=== Section Start ===

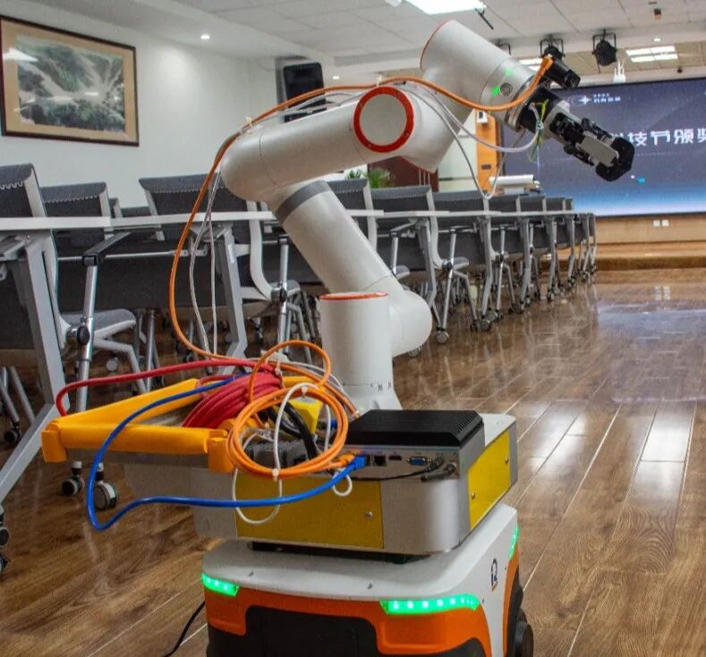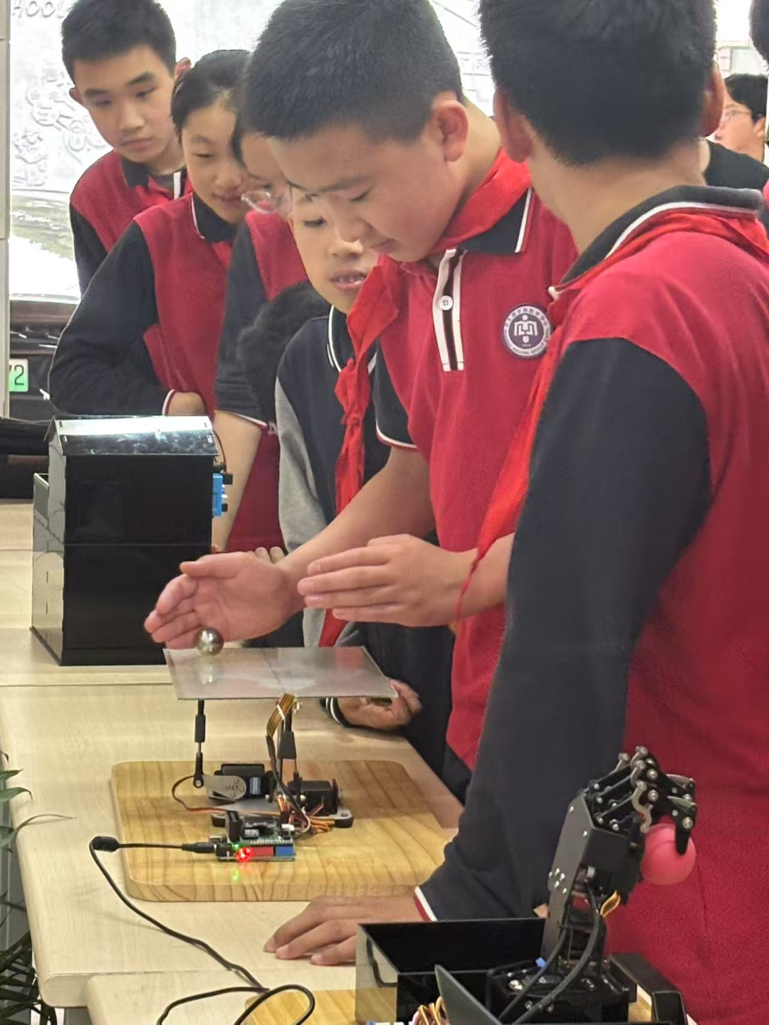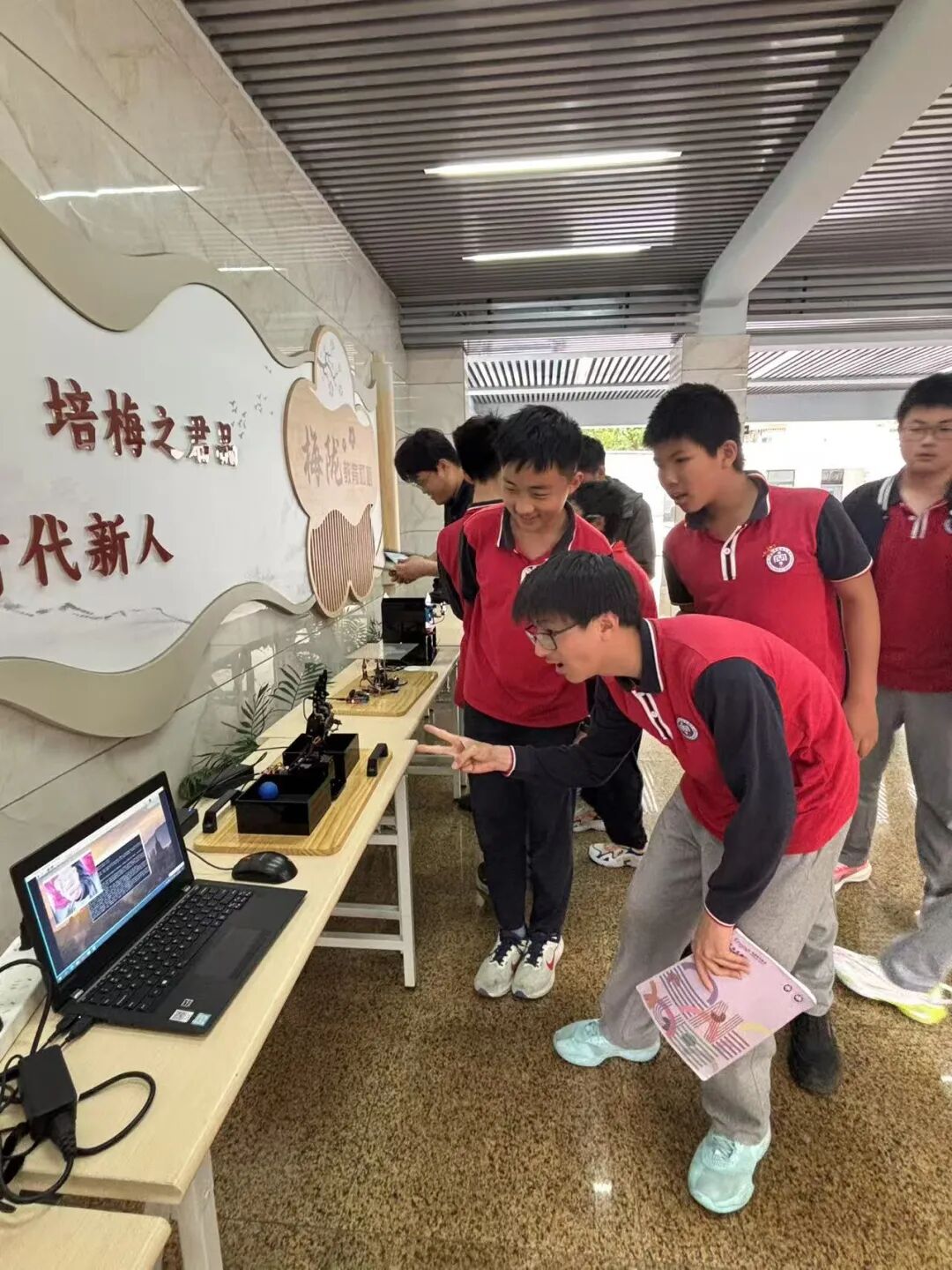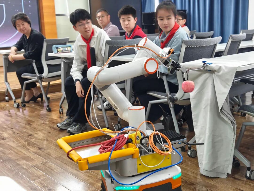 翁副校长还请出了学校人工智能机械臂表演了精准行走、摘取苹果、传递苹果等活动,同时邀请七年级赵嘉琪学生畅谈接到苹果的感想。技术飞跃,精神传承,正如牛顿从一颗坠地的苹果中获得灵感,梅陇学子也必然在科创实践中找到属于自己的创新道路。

=== Section End ===
=== Section Start ===

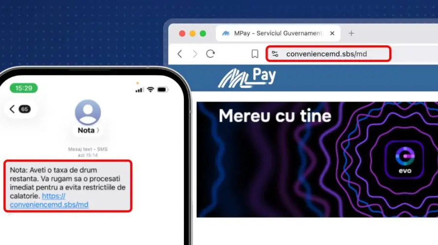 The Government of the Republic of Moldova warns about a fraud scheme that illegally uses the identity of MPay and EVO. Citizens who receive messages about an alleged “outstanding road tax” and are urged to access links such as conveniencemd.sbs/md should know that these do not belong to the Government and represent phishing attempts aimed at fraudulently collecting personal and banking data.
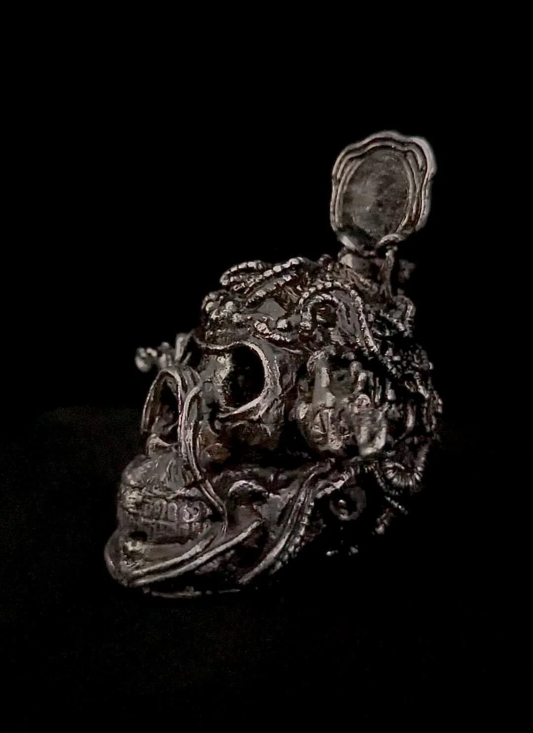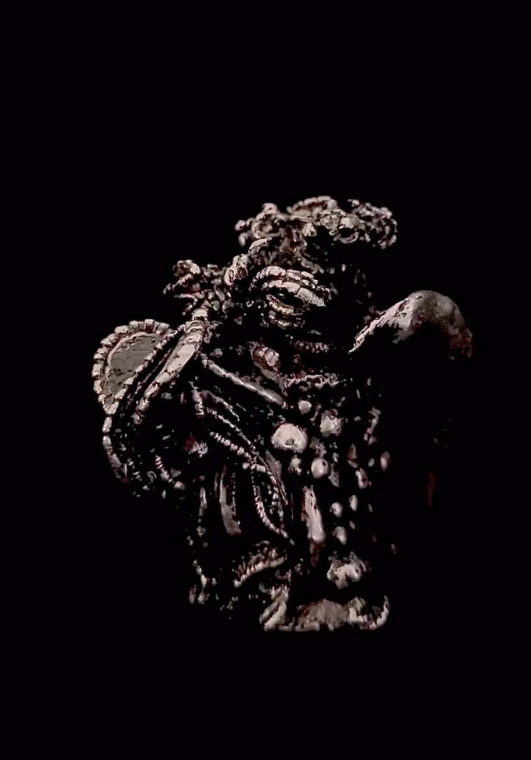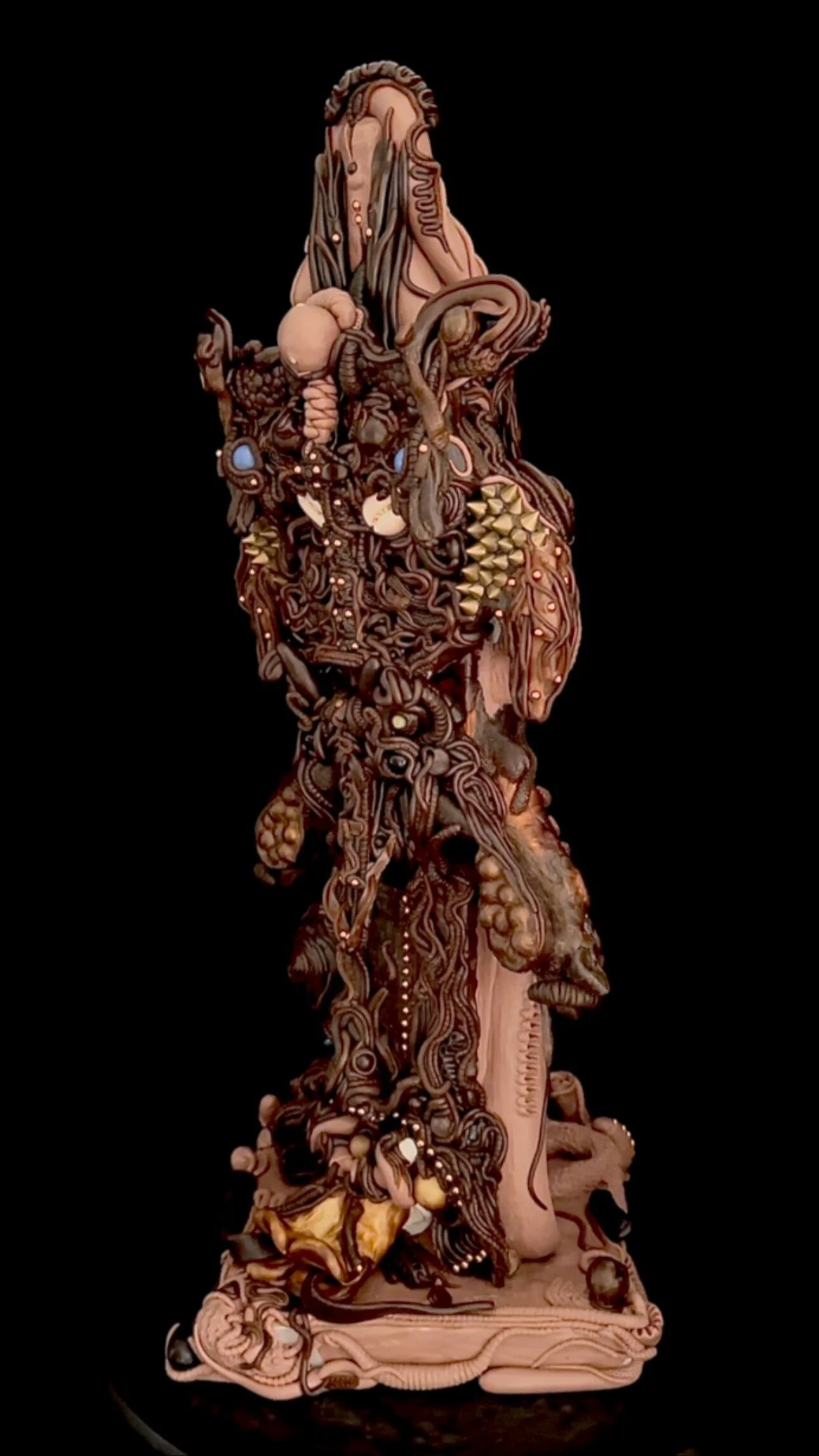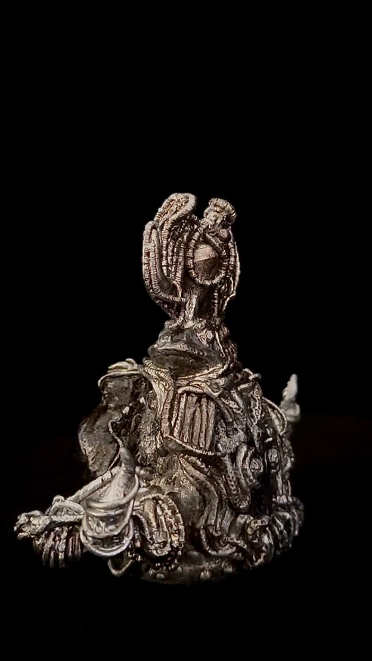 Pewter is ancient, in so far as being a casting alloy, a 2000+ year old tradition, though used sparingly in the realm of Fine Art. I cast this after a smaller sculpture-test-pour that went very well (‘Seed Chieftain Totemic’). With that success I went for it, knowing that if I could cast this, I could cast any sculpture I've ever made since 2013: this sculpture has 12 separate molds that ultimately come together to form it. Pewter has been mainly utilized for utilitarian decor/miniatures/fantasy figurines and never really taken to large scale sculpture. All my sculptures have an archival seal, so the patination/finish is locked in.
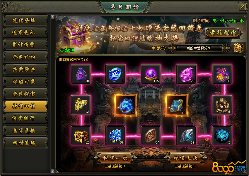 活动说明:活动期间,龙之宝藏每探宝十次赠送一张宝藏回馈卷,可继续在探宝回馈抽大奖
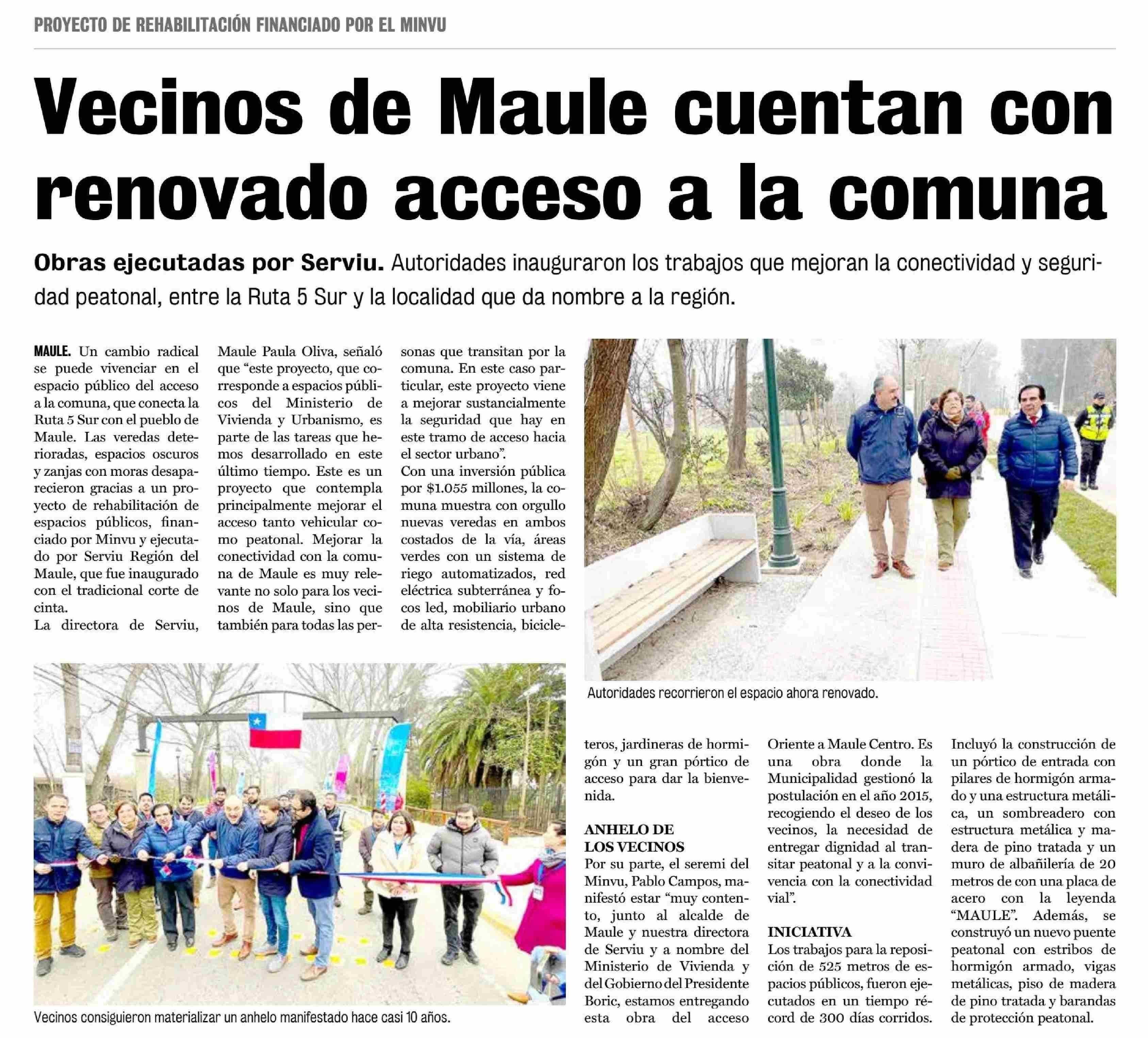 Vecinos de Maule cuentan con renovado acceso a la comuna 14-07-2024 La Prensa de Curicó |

=== Section End ===
=== Section Start ===

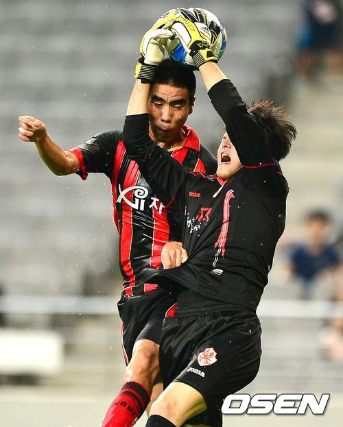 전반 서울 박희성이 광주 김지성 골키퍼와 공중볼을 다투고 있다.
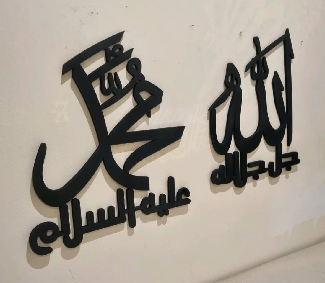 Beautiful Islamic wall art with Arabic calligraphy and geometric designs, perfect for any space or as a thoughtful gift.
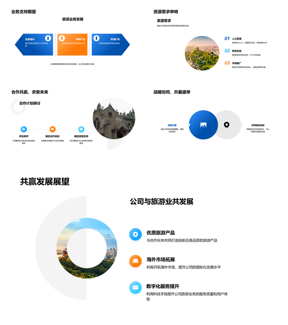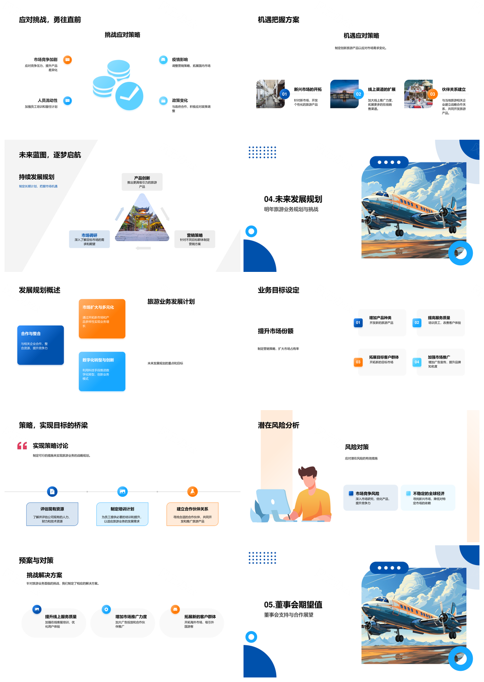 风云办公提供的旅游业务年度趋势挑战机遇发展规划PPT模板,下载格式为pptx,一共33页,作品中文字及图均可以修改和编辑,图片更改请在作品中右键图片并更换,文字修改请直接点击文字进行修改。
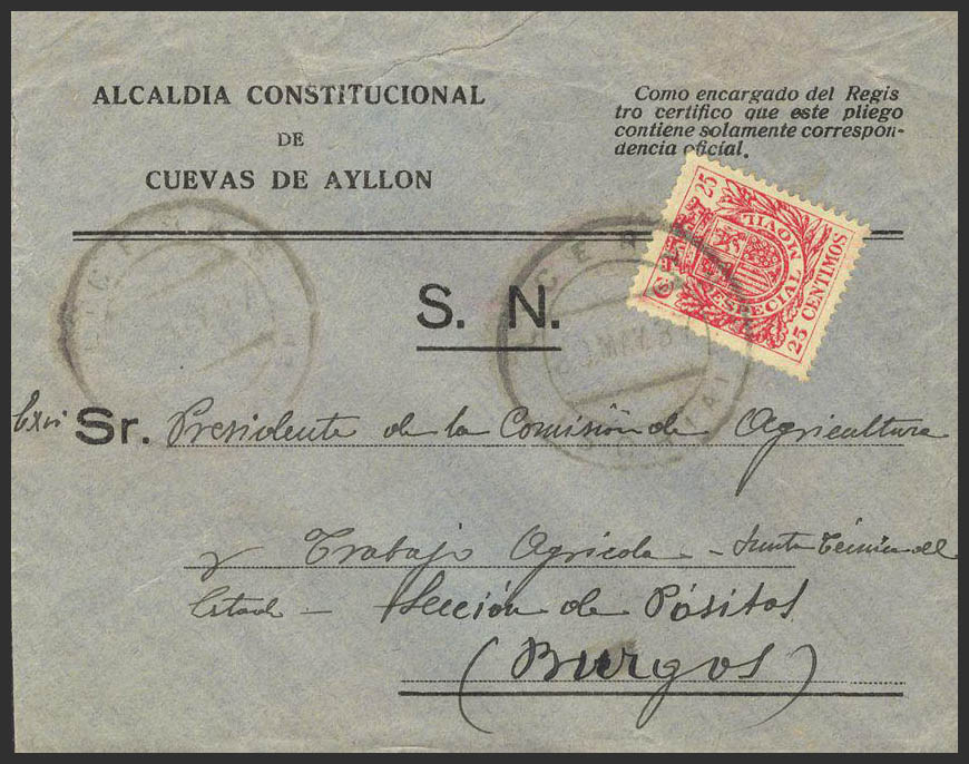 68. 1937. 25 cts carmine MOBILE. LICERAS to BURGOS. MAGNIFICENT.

=== Section End ===

Problem description: Only one stretch of the data is wanted: write out exactly the lines from the one holding "Beautiful Islamic wall" through the one holding "68. 1937. 25", both included, without the pictures.

Expected answer:
 Beautiful Islamic wall art with Arabic calligraphy and geometric designs, perfect for any space or as a thoughtful gift.
 风云办公提供的旅游业务年度趋势挑战机遇发展规划PPT模板,下载格式为pptx,一共33页,作品中文字及图均可以修改和编辑,图片更改请在作品中右键图片并更换,文字修改请直接点击文字进行修改。
 68. 1937. 25 cts carmine MOBILE. LICERAS to BURGOS. MAGNIFICENT.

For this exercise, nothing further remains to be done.